If national or EU law insufficiently protect consumer privacy, national courts will eventually be called upon to apply article 8 ECHR to privacy contracts. This could take many years. The transaction costs for consumers before the courts are so high and individual stakes are so low, that consumers are unlikely to prevail before the courts against a large producer with high stakes. This result would be undesirable. It could effectively allow for permanent observation of every consumer in a new kind of panopticon, possibly with far-reaching effects on consumers’ personal autonomy. Such a result could very well be within the limits of data protection legislation, but it will almost certainly be a breach of article 8 of the Convention.
The low per capita stakes for consumers will likely continue to impede effective consumer participation. Altering the dynamics of participation in the market or the political process might seem an easy solution, but this requires careful consideration. For example, subsidizing organisation or lobbying efforts may introduce new monitoring costs. Consumer representatives would enjoy an amount of slack similar to members of the European Parliament. It could also distort the stakes for representatives. If subsidies are much higher than the contributions of consumers, the subsidies could effectively become the stakes. Such an arrangement does not necessarily offer more guarantees for effective consumer participation, nor does it necessarily reduce the risk for regulatory capture or special-interest legislation. Innovative new contract types may be a better choice to improve the legitimacy of big data applications. Wauters et al. have already researched a number of possible improvements.100 Other solutions may lie in optimizing transparency and accountability.

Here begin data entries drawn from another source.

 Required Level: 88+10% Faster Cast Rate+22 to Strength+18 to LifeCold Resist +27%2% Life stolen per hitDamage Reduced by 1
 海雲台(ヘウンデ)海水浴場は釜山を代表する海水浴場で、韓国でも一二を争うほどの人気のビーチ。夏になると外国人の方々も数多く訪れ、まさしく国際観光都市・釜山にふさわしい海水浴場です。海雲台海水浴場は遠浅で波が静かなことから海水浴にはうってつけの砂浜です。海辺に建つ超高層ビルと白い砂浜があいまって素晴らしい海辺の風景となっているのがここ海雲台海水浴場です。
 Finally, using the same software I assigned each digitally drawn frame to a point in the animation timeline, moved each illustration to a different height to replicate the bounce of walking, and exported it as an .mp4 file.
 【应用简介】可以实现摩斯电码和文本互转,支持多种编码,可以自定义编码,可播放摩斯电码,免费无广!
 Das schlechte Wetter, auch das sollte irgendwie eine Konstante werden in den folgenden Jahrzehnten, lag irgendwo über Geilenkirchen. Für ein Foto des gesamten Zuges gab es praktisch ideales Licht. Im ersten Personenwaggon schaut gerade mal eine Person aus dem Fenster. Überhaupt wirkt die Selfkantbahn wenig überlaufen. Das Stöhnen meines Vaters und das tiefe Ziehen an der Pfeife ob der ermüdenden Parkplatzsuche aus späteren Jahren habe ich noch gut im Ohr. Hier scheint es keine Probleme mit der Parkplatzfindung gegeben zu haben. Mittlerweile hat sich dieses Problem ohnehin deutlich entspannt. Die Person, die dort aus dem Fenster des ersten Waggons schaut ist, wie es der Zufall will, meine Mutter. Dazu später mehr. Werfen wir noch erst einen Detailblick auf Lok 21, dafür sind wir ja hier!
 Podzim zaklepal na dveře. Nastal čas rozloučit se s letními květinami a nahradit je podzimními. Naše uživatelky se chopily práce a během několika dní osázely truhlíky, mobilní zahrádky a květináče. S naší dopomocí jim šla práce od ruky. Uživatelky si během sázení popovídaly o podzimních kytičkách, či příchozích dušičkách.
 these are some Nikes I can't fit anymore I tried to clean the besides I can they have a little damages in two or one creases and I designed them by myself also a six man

It is not yet clear whether big data will call for merely incremental adaptations to data protection law, or rather a fundamental redesign of privacy law. In any case, legal developments in response to big data need to coherently address privacy contracts, non-contractual relations, the reasonable expectation of privacy and the possible effects of datafication on human autonomy – in other words, an integrated framework for consumer privacy in the age of big data. The limits on EU decisions imposed by the principles of conferral, proportionality and subsidiarity may stand in the way of developing such a framework at the EU level.
The law has to keep up with technology to effectively continue safeguarding consumer privacy in the coming age of big data. The pace of technological developments shows no signs of slowing down. The law had better be ready.